**ABOUT THIS EXERCISE:** From the line containing "면허 취소 및 결격기간 정리" through the last line of the records below, each line is to be repeated exactly; pictures are to be omitted.

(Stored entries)
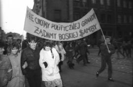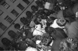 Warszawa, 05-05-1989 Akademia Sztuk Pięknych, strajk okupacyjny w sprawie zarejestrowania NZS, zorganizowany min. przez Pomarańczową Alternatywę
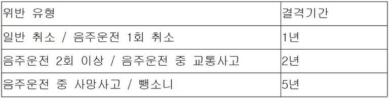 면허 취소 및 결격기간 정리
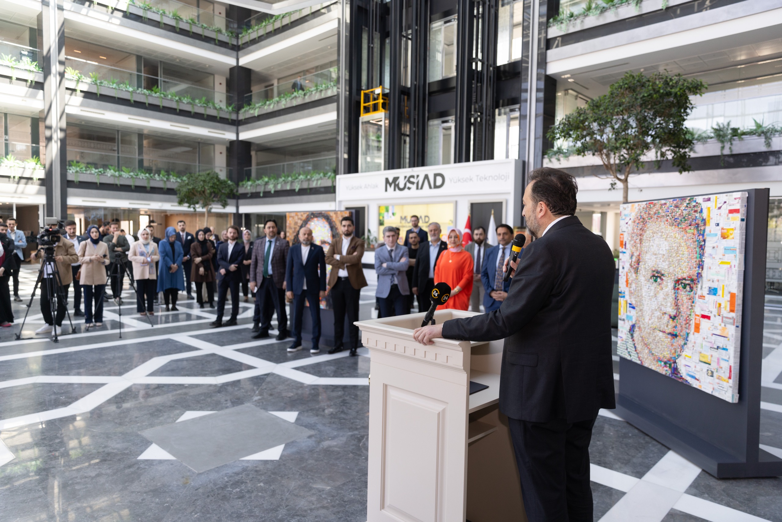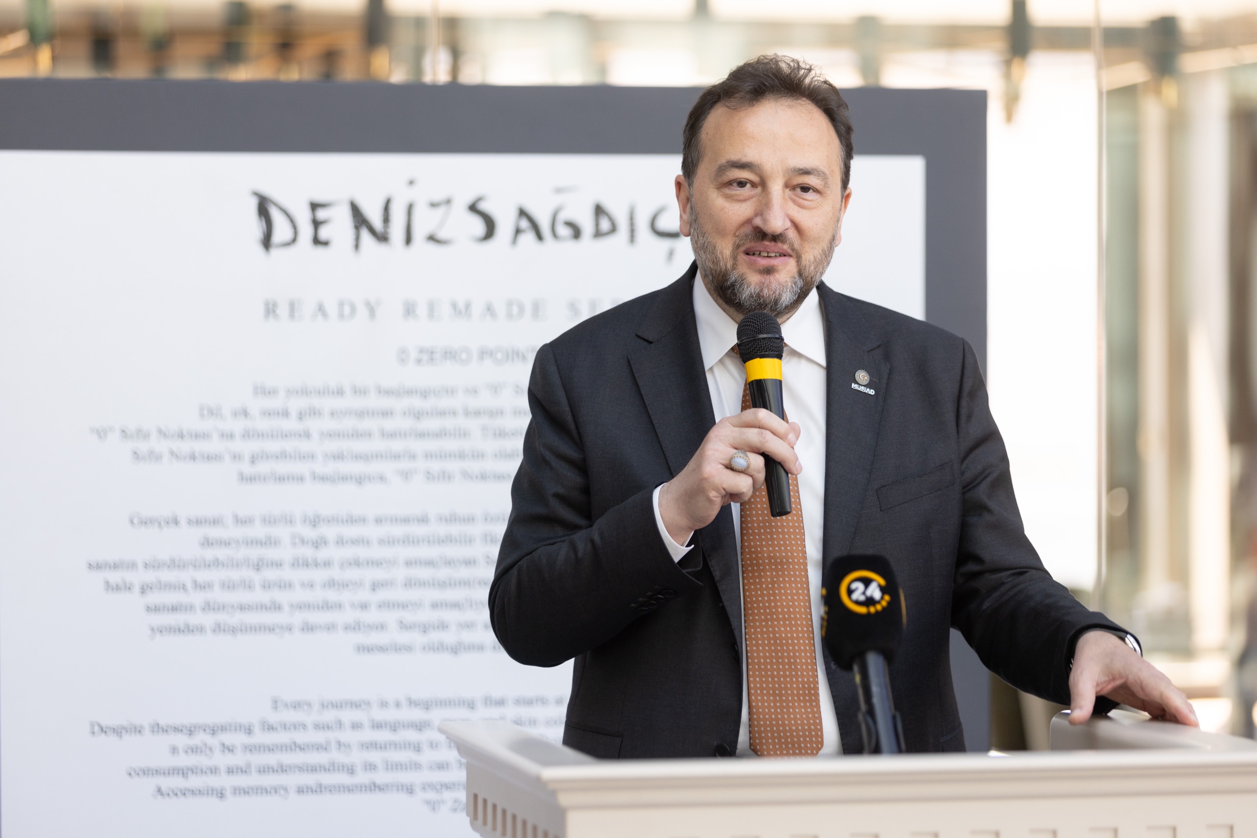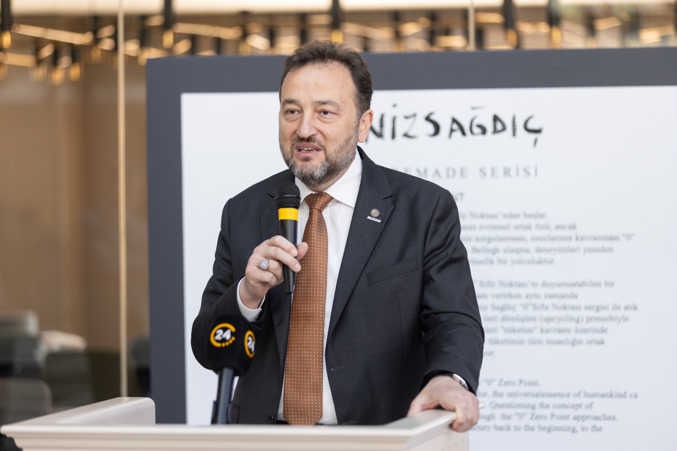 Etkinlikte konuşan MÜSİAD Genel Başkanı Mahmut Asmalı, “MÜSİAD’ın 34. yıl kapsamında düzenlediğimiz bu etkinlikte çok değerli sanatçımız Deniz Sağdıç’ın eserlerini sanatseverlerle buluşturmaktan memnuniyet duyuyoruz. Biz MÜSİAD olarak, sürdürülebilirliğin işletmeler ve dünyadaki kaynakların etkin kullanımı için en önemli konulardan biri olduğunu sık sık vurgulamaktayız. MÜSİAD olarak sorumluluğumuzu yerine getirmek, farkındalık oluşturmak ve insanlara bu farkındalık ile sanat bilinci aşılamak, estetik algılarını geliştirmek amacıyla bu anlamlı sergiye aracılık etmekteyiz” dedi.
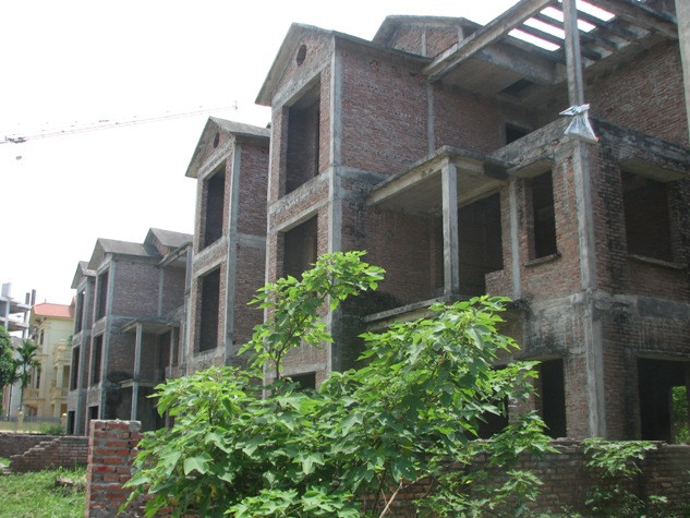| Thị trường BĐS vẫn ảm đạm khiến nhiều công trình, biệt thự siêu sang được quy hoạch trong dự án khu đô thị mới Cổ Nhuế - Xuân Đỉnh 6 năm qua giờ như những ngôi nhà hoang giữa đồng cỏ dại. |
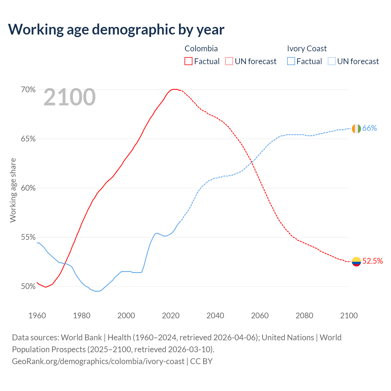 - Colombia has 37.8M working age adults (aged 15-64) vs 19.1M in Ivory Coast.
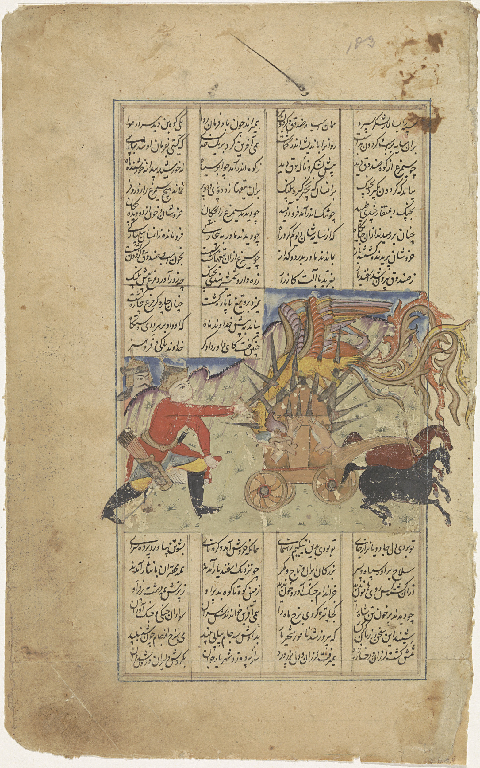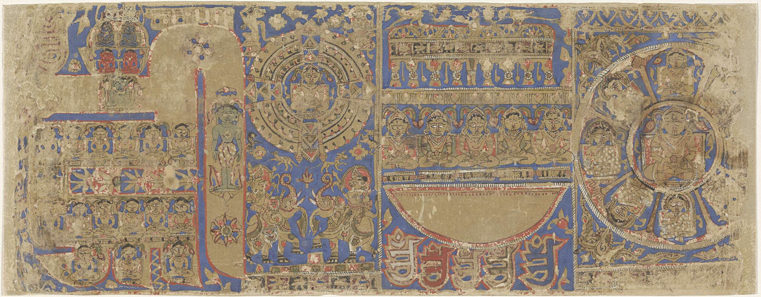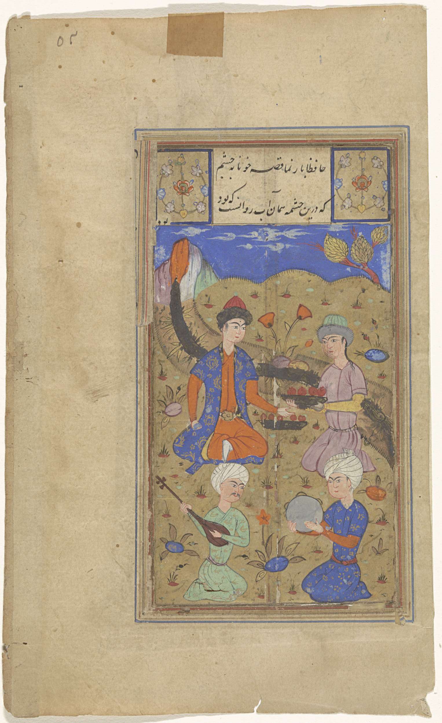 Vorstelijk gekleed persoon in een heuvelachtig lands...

**ANSWER TO THE PROBLEM:**
 면허 취소 및 결격기간 정리
 Etkinlikte konuşan MÜSİAD Genel Başkanı Mahmut Asmalı, “MÜSİAD’ın 34. yıl kapsamında düzenlediğimiz bu etkinlikte çok değerli sanatçımız Deniz Sağdıç’ın eserlerini sanatseverlerle buluşturmaktan memnuniyet duyuyoruz. Biz MÜSİAD olarak, sürdürülebilirliğin işletmeler ve dünyadaki kaynakların etkin kullanımı için en önemli konulardan biri olduğunu sık sık vurgulamaktayız. MÜSİAD olarak sorumluluğumuzu yerine getirmek, farkındalık oluşturmak ve insanlara bu farkındalık ile sanat bilinci aşılamak, estetik algılarını geliştirmek amacıyla bu anlamlı sergiye aracılık etmekteyiz” dedi.
| Thị trường BĐS vẫn ảm đạm khiến nhiều công trình, biệt thự siêu sang được quy hoạch trong dự án khu đô thị mới Cổ Nhuế - Xuân Đỉnh 6 năm qua giờ như những ngôi nhà hoang giữa đồng cỏ dại. |
 - Colombia has 37.8M working age adults (aged 15-64) vs 19.1M in Ivory Coast.
 Vorstelijk gekleed persoon in een heuvelachtig lands...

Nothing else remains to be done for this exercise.